* [DATA FOR THIS TASK]
* * * * * * * * *
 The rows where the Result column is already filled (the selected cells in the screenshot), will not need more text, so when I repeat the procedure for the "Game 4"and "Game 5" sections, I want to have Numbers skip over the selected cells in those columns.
* * * * * * * * *
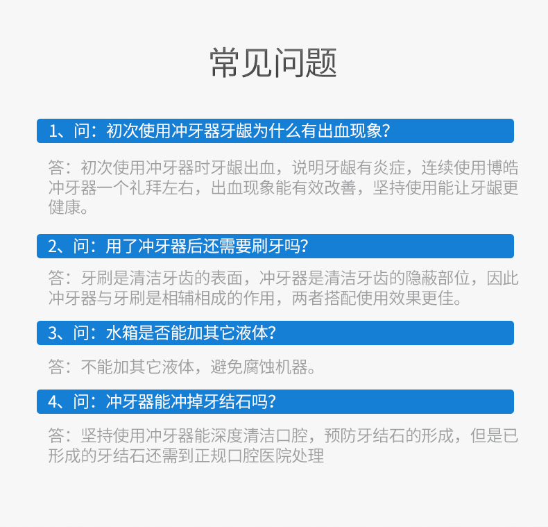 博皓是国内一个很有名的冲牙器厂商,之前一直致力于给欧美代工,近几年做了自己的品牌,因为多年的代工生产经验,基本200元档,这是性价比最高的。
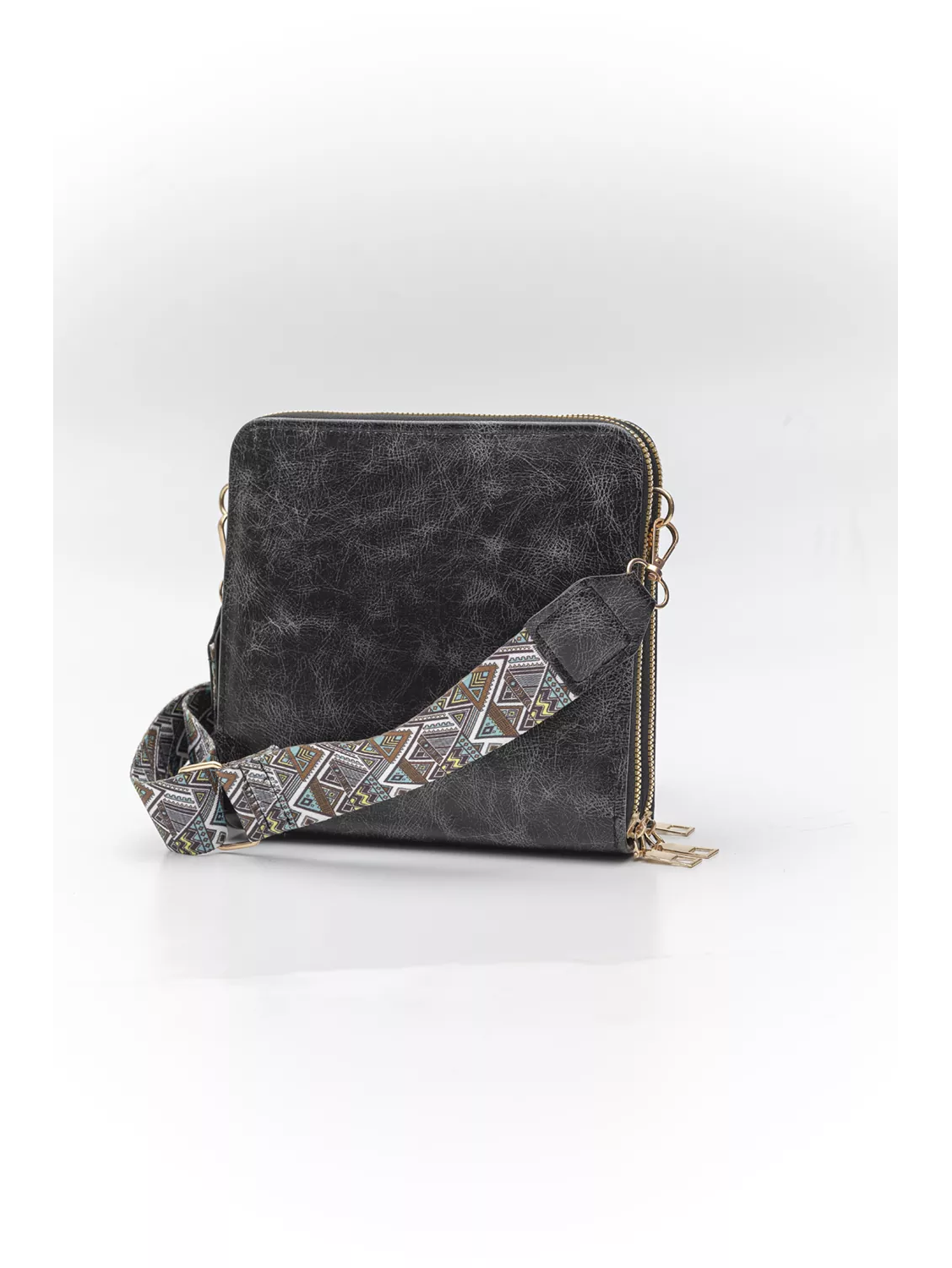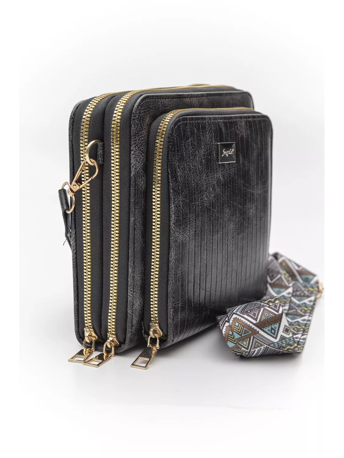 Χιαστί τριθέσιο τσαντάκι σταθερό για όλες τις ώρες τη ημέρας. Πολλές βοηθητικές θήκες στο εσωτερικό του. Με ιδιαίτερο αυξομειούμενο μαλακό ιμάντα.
* * * * * * * * *
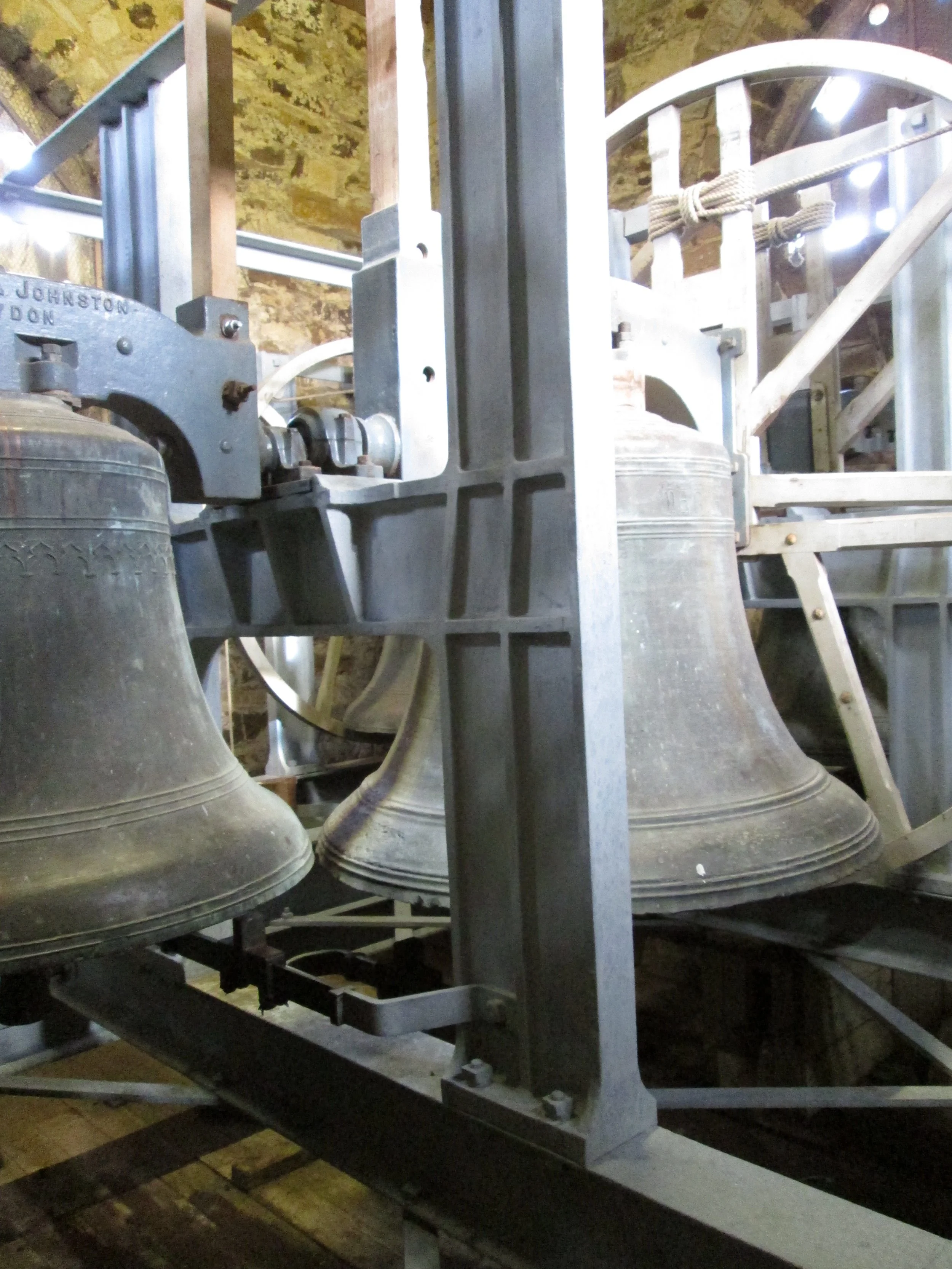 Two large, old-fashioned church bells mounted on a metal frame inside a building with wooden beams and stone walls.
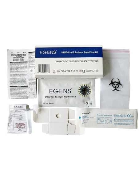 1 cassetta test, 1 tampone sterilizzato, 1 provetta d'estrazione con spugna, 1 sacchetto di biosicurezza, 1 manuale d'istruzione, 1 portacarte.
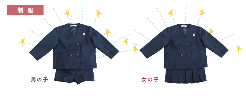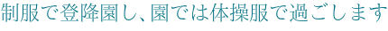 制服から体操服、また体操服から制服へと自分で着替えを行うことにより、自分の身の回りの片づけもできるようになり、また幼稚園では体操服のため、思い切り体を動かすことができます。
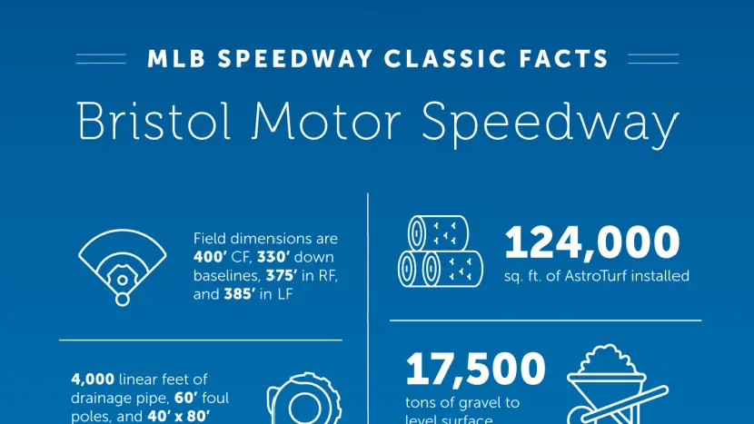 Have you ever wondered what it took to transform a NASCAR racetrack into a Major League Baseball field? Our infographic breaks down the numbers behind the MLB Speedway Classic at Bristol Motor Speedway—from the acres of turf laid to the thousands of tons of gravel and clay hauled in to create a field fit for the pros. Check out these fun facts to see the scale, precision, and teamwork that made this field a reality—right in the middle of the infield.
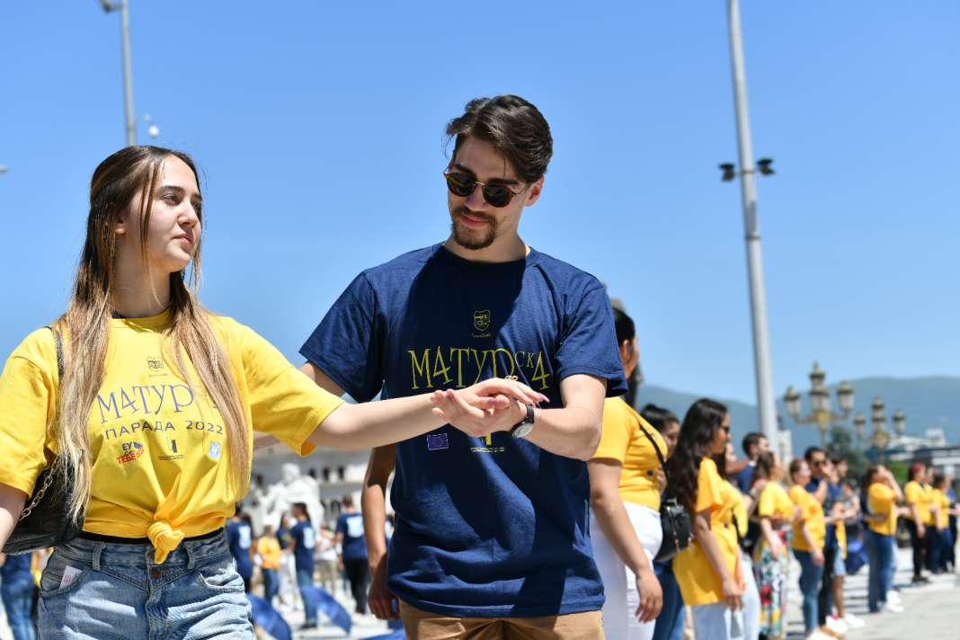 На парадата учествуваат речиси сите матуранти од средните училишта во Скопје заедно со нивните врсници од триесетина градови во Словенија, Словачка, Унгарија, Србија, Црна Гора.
* * * * * * * * *
* [ASSIGNED TASK]
Above are the records; copy exactly the lines from the one with "博皓是国内一个很有名的冲牙器" through the one with "Χιαστί τριθέσιο τσαντάκι", including both, and nothing more. Leave out pictures.

* [SOLUTION FOR THIS EXERCISE]
 博皓是国内一个很有名的冲牙器厂商,之前一直致力于给欧美代工,近几年做了自己的品牌,因为多年的代工生产经验,基本200元档,这是性价比最高的。
 Χιαστί τριθέσιο τσαντάκι σταθερό για όλες τις ώρες τη ημέρας. Πολλές βοηθητικές θήκες στο εσωτερικό του. Με ιδιαίτερο αυξομειούμενο μαλακό ιμάντα.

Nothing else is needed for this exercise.